Post by SteveS1980 (imported) »

In other posts I have been pondering the possibility of oriechtomy to resolve some testes medical issues (non-cancerous). during my research I discovered "C. diff".

The information about C. diff makes me never want to go into a hospital even to visit someone, let alone for any treatment.

Alcohol sanitizers don't kill it.

Bleach, used liberally, will kill it.

Washing your hands VERY thoroughly with hot water and soap will kill most of it but may not kill all of it. A bleach/soap mixture is best.

It contaminates anything and everything: bed rails, bed tables, uniforms, privacy curtains, faucets, call buttons. Never take a touchy feelie child into a hospital - they are germ dungeons.

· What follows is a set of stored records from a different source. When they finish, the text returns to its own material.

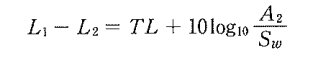ただし、L1、L2は音源室、受音室の平均音圧レベル[dB]、A2は受音室の等価吸音面積[m2]、Swは音の透過する隔壁の面積[m2]、TLは隔壁の音響透過損失[dB]を表す。
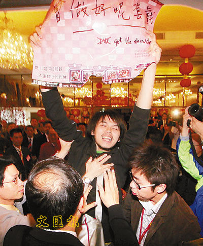■酒會中途,突然有人高舉大字示威,曾蔭權微笑面對。
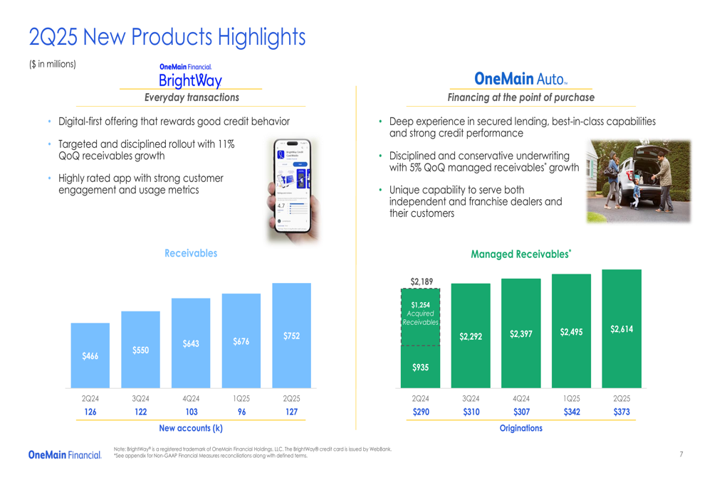 A expansão da OneMain além dos empréstimos ao consumidor tradicionais para cartões de crédito e financiamento de automóveis tornou-se um importante impulsionador de crescimento. A oferta de cartão de crédito BrightWay da empresa mostrou crescimento de recebíveis de 11% em relação ao trimestre anterior, atingindo US$ 752 milhões, enquanto os recebíveis administrados da OneMain Auto cresceram para US$ 2,6 bilhões.
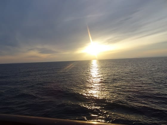 明日は北海道函館に寄港。今日は晴れの1日であったが、確実に気温は下がり、風は冷たい。

And if you are taking antibiotics, as I do frequently for epididymitis, should C. diff get on anything ingested it will lead to severe diarrhea, dehydration, inflammation of the colon, and even death.

FACT: Patient #1 in the Thomas Jefferson Medical Center in Philadelphia came down with C. diff. After they were discharged,

Patients #2, 3, 4 who used the same bed as patient #1 ALL came down with C. diff. and one of them died. (sounds like a law suit to me)

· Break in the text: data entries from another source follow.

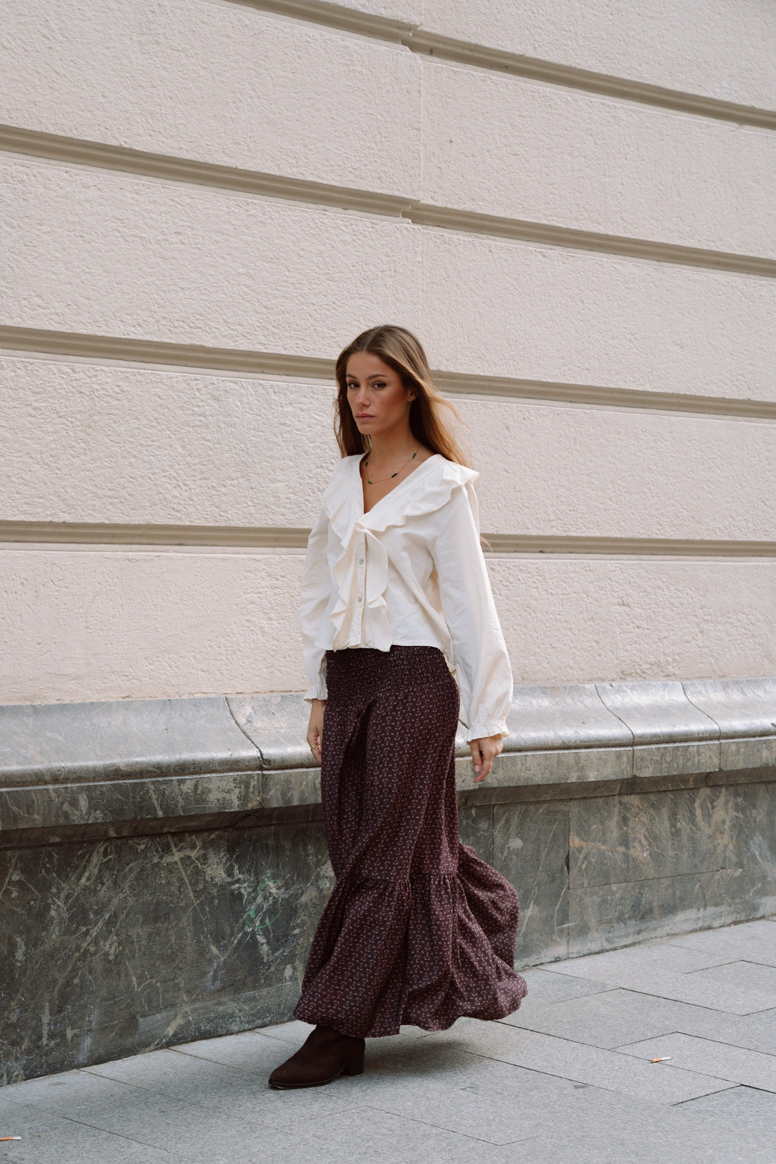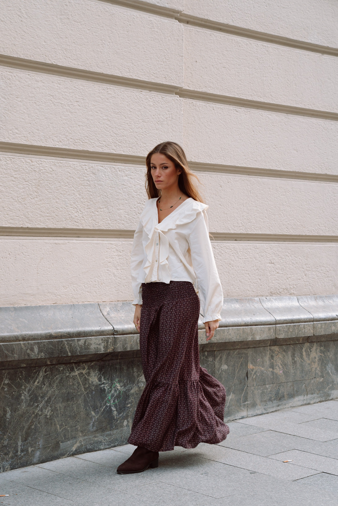 Camisa VIOLETT choco. Blusa abotonada pico 100% algodón con detalle de chorrera en el pecho. Manga con goma y pequeño volante. T.U (la modelo utiliza T.S)
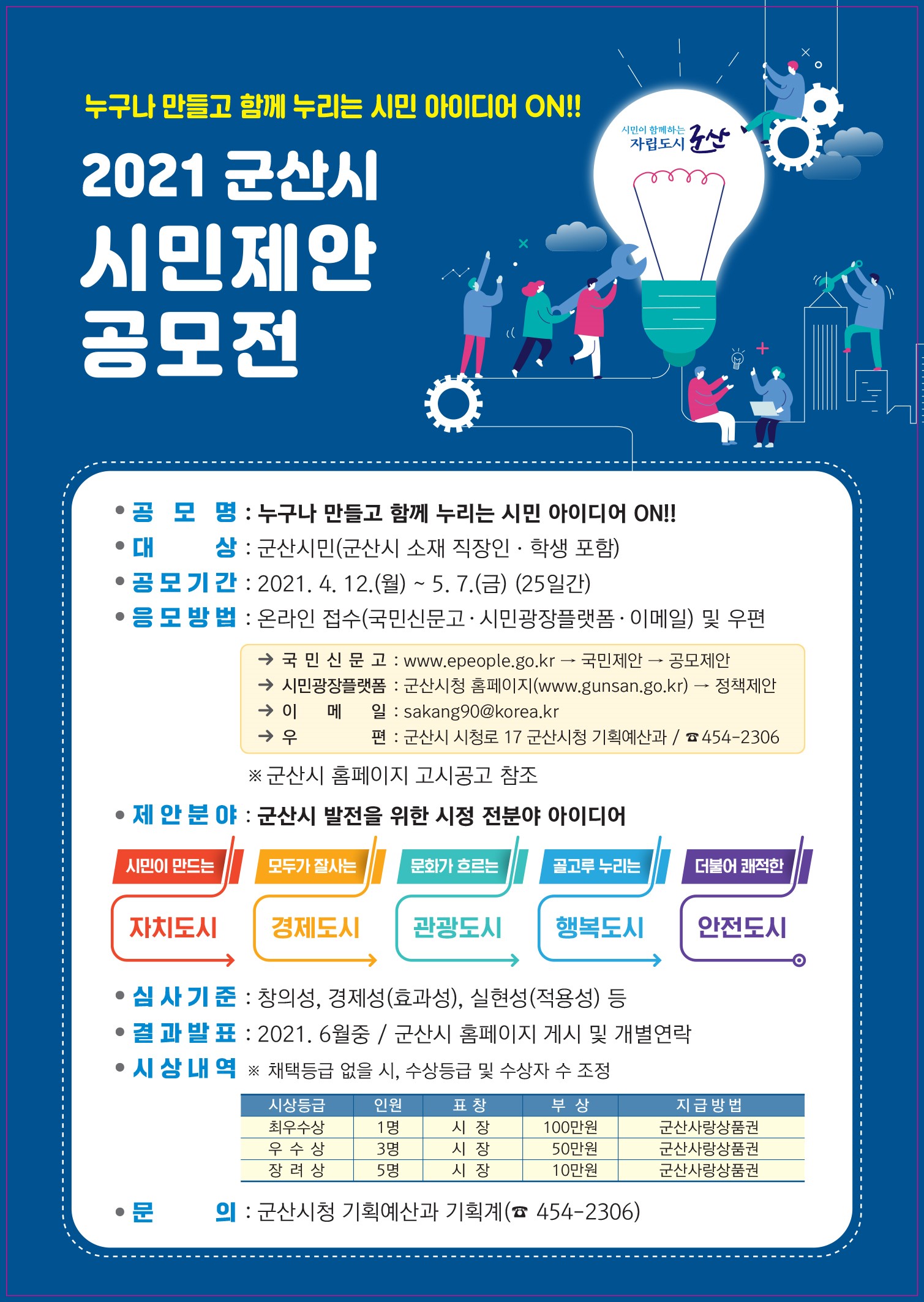 ○ 공 모 명 : 누구나 만들고 함께 누리는 시민 아이디어 ON!! ○ 접수기간 : 2021. 4. 12.(월) ~ 5. 7.(금) ○ 응모자격 : 군산 시민 누구나(군산시 소재 직장인ㆍ학생 포함) ○ 제안분야 : 군산시 발전을 위한 시정 전 분야 아이디어 ○ 응모방법 : 온라인 접수(국민신문고ㆍ시민광장플랫폼ㆍ이메일) 및 우편 ○ 시상내역 : 최우수 100만원[1명], 우수 50만원[3명], 장려 10만원[5명] ○ 문 의 처 : 군산시 기획예산과 기획계 ☎ 063)454-2306 ※ 기타 자세한 내용은 군산시 공고문 참조 | ||
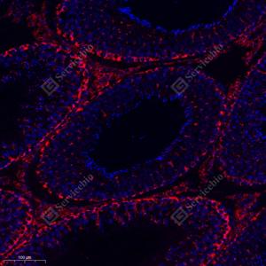 IF检测MCP 1蛋白(货号 GB11199)(红色). 样品: 大鼠睾丸, 4%多聚甲醛 (货号G1101) 固定12-24小时. 抗原修复: Tris-EDTA抗原修复液(pH 9.0) (G1203), 98℃, 20分钟. 封闭: 3% BSA(货号GC305010)的PBS溶液, 室温孵育30分钟. —抗: 1: 500稀释, 4℃ 孵育过夜. 二抗: Cy3标记山羊抗兔IgG (H+L) (货号GB21303), 1: 300稀释, 室温孵育1小时. |

If you visit places where hospital workers wear their scrubs in public areas, DO NOT go into those areas. The C. diff will transfer from their scrubs directly to surfaces if the clothing comes in to contact with it, and from the scrubs to their hands, to tables, chairs, pens, doors, etc.

This makes elective surgery for anything MUCH less appealing to me.

About the only surgery to submit to would be to save my life.

If you are visiting anyone in the hospital, take bleach in a plastic bottle and a cloth and clean off all surfaces for your protection, and for the protection of the person you are seeing. It's that serious I guess.

Thoughts of surgery for myself are diminishing.

http://www.cdc.gov/ncidod/dhqp/id_Cdiff_data.html
Batman (imported)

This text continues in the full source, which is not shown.